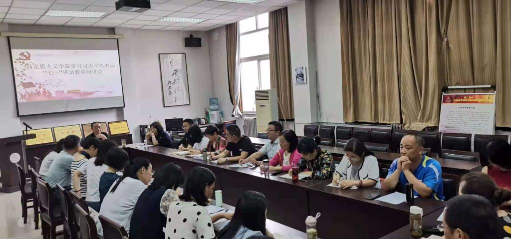 本网讯 7月5日上午9点,马克思主义学院在校图书馆三楼会议室召开了学习习近平总书记在庆祝中国共产党成立100周年大会重要讲话精神教学研讨会,会议由马克主义学院院长秋实主持,全体教师参加了研讨会。
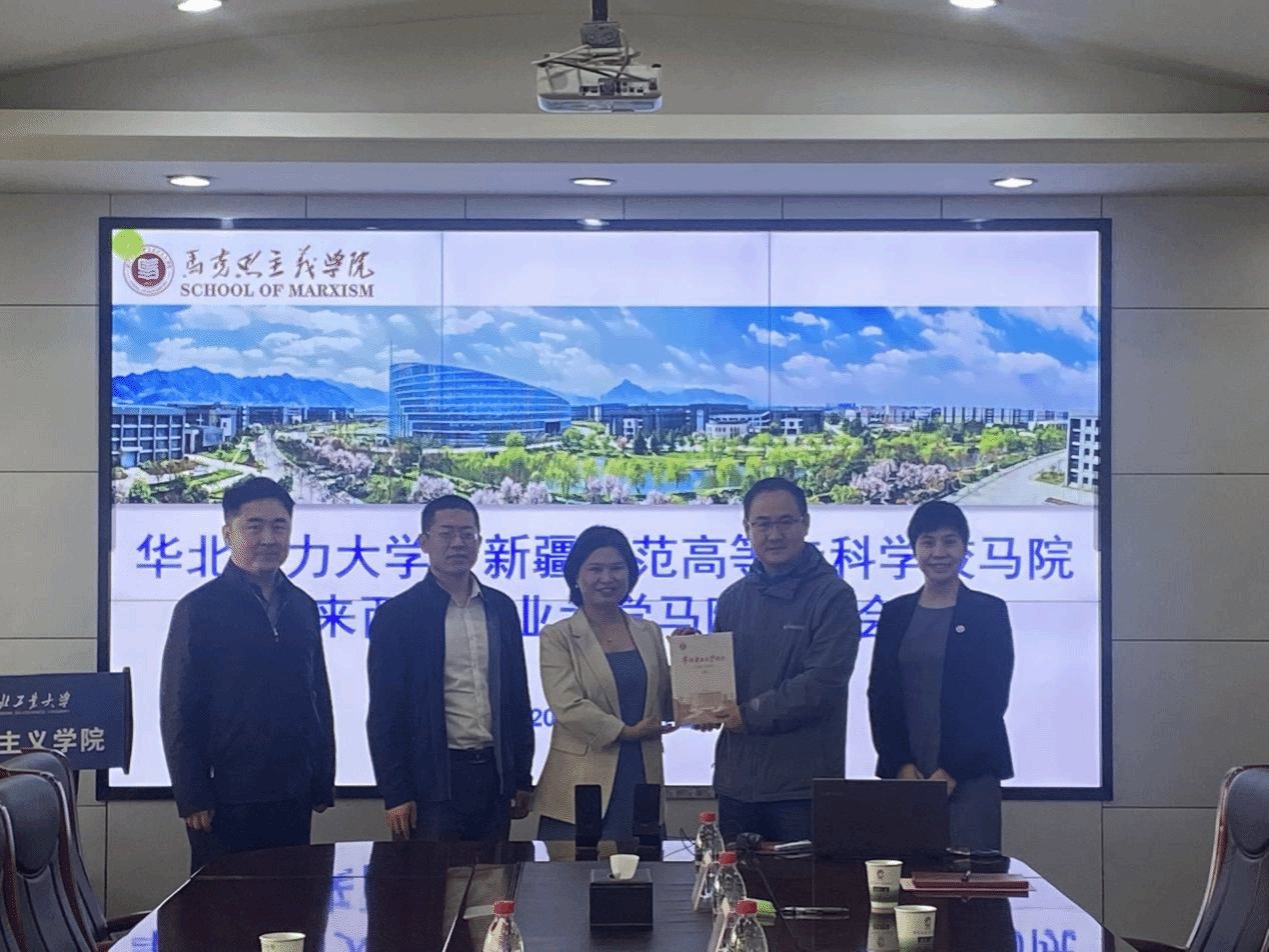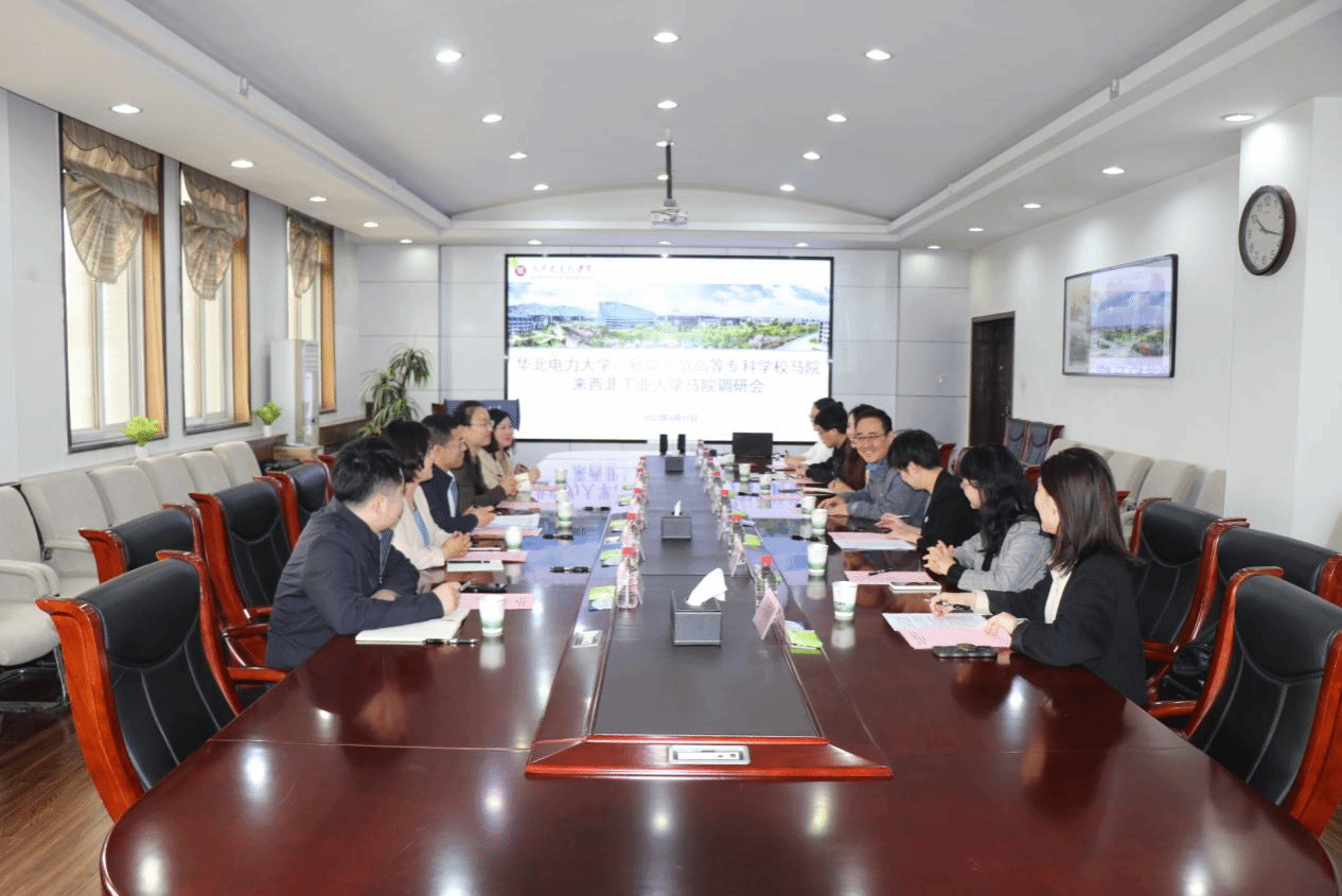 4月11日上午,华北电力大学太阳成tyc122cc党总支副书记武昌杰一行,新疆师范高等专科公司太阳成tyc122cc副经理史春燕一行来公司调研。公司副经理张云龙、贺苗,马克思主义中国化研究系教学主任华艳君、德法与形势政策系教师折军、思想政治教育系教师许斯诺、办公室主任郭雅楠、公司科研秘书闫秀婷等参加了会议。会议由张云龙主持。
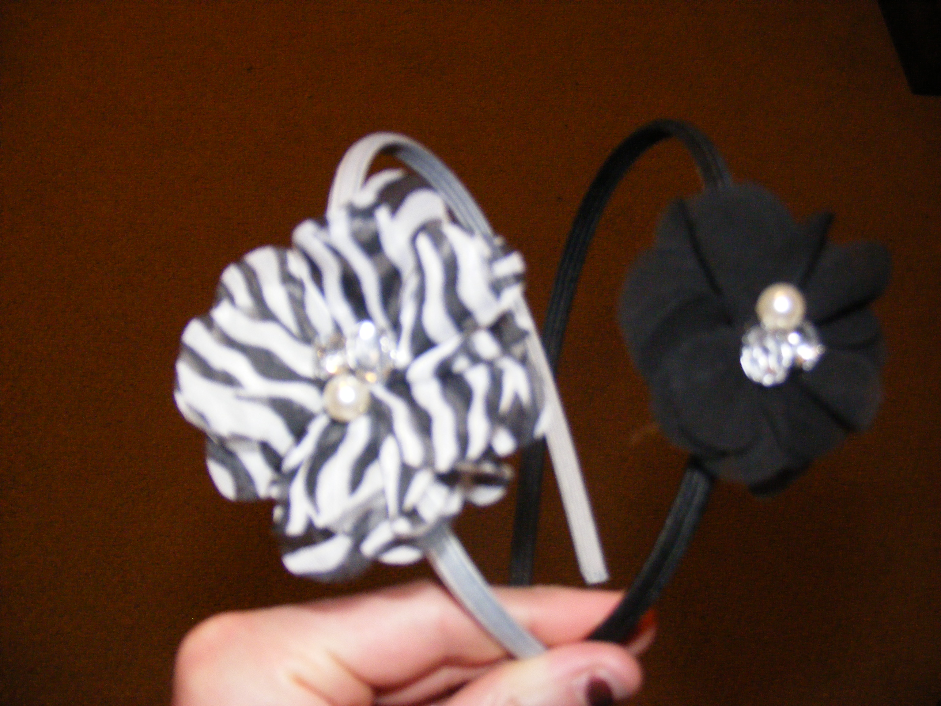 I had extra flowers so I made these too. It was cheaper to buy several flowers and headbands in packs than individual ones. Go figure.
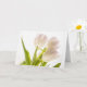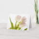 Cette carte de fleurs de tulipes blanches toutes occasions présente une photographie de trois tulipes blanches qui semblent osciller dans la brise. Une lumière magnifique derrière les fleurs brille à travers les pétales blanches des tulipes.
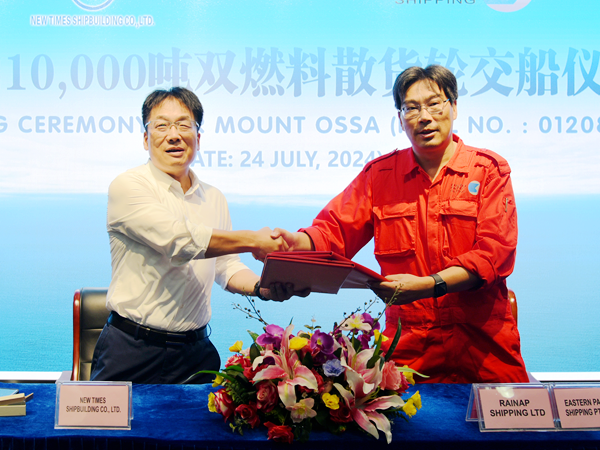 The closing ceremony was held at the meeting room on 8th floor of New Times Office Building. Our Executive Deputy General Manager Mr. Zhang Yuyong and owner's representative Mr. Ni Jie were present. The vessel was smoothly and successfully delivered by us and accepted by the Owner.
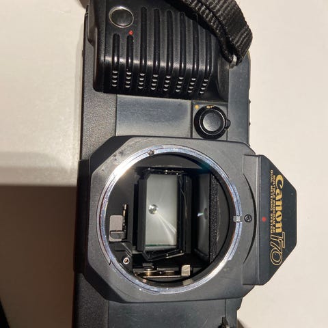 Canon T70 filmikamera. Mukana objektiivi, kaksi erillistä salamaa (Canon Speedlite 277T ja Toshiba-salama), kamerahihna, käyttöohjeita sekä pehmustettu kameralaukku. Kamera käyttää 35 mm filmirullia. Sopii filmikuvausta varten ja varusteet mahdollistavat kuvaamisen erilaisissa valaistusolosuhteissa sekä kameran kuljettamisen laukussa.
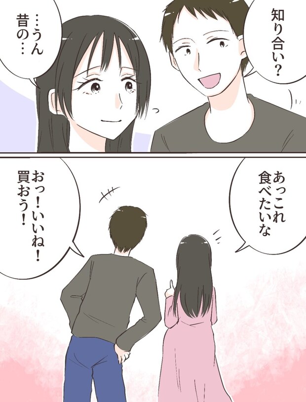 すると、「知り合い?」ヨウスケに聞かれ、「・・うん。昔の・・」と答えた後、「あっ、これ食べたいな」と言うと、「おっ!いいね!買おう!」ヨウスケも賛成してくれました。

### TASK
Transcribe exactly the lines from the one holding "Canon T70 filmikamera." through the final line of the material above, both ends included; any pictures should be dropped.

### SOLUTION FOR THIS PROBLEM
 Canon T70 filmikamera. Mukana objektiivi, kaksi erillistä salamaa (Canon Speedlite 277T ja Toshiba-salama), kamerahihna, käyttöohjeita sekä pehmustettu kameralaukku. Kamera käyttää 35 mm filmirullia. Sopii filmikuvausta varten ja varusteet mahdollistavat kuvaamisen erilaisissa valaistusolosuhteissa sekä kameran kuljettamisen laukussa.
 すると、「知り合い?」ヨウスケに聞かれ、「・・うん。昔の・・」と答えた後、「あっ、これ食べたいな」と言うと、「おっ!いいね!買おう!」ヨウスケも賛成してくれました。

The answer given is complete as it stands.